Giving Compass' Take:

• Rebecca Ruiz reports on a group called Showing Up for Racial Justice, which helps connect refugees in need of housing to sponsors who want to help.

• This is just one way to give your time in the midst of a US immigration crisis that has seen children separated at the border from their parents. Are you ready to address the needs of refugees? 

• Read about what donors can do to address the family separation issue.


Grace Aheron has never met the four transgender women from Honduras and El Salvador currently detained in a federal immigration facility in New Mexico, but she's waiting to welcome them into her home.

These women arrived in the United States in April after traveling thousands of miles with a migrant caravan from Central America to seek refuge from discrimination and persecution in their native countries.

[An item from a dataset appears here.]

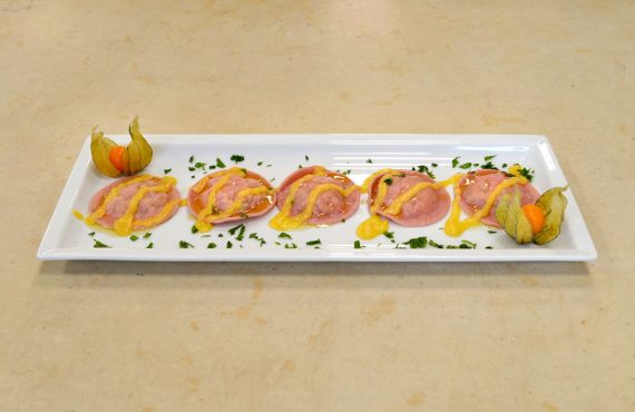 CORSO DI CUCINA PROFESSIONALE | PRIMO PIATTO RAVIOLI ROSA CON IMPASTO DI RAPA ROSSA E RIPIENO DI SCAMPI DI DAVIDE GUERRINI DIPLOMATO DEL CORSO DI CUCINA PROFESSIONALE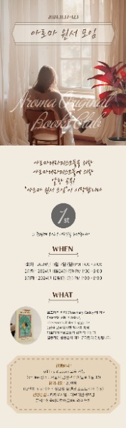 '아로마 원서 모임'은 하나의 책을 선정한 후, 책의 두께나 독서양을 고려해서, 몇 번으로 나누어 모임을 갖데 된다. 첫번째 모임은 2024년 11월 17일(일요일)에 시작되며, 총 3회(11월 17일, 24일, 12월 1일)에 걸쳐 진행된다. 모임은 온라인과 오프라인으로 동시에 진행되므로 공간의 제약을 받을 필요는 없다. 에센셜오일과 아로마테라피에 대해서 공부하고 싶다면, 누구나 어디에서나 참여가 가능하다는 의미이다.

They made their way toward the U.S. without someone to sponsor them — until Aheron, a 27-year-old activist who lives in Charlottesville, Virginia, volunteered to be their host.

Look if there was ever a David and Goliath moment, this is it.

Aheron stepped up for the role when she learned that the national organizing group called Showing Up for Racial Justice (SURJ), of which she is a member, sought sponsors for members of the caravan. Heather Cronk, SURJ's co-director, thought the organization might get 10 or 15 volunteers when it put the call out in April. She was stunned when 150 people around the country signed up.

In the wake of outrage over the Trump administration's policy to separate migrant parents from their children, SURJ sent another request for sponsor volunteers to its network earlier this week. More than 100 people offered up their homes to migrant refugees in federal detention centers in just a few days.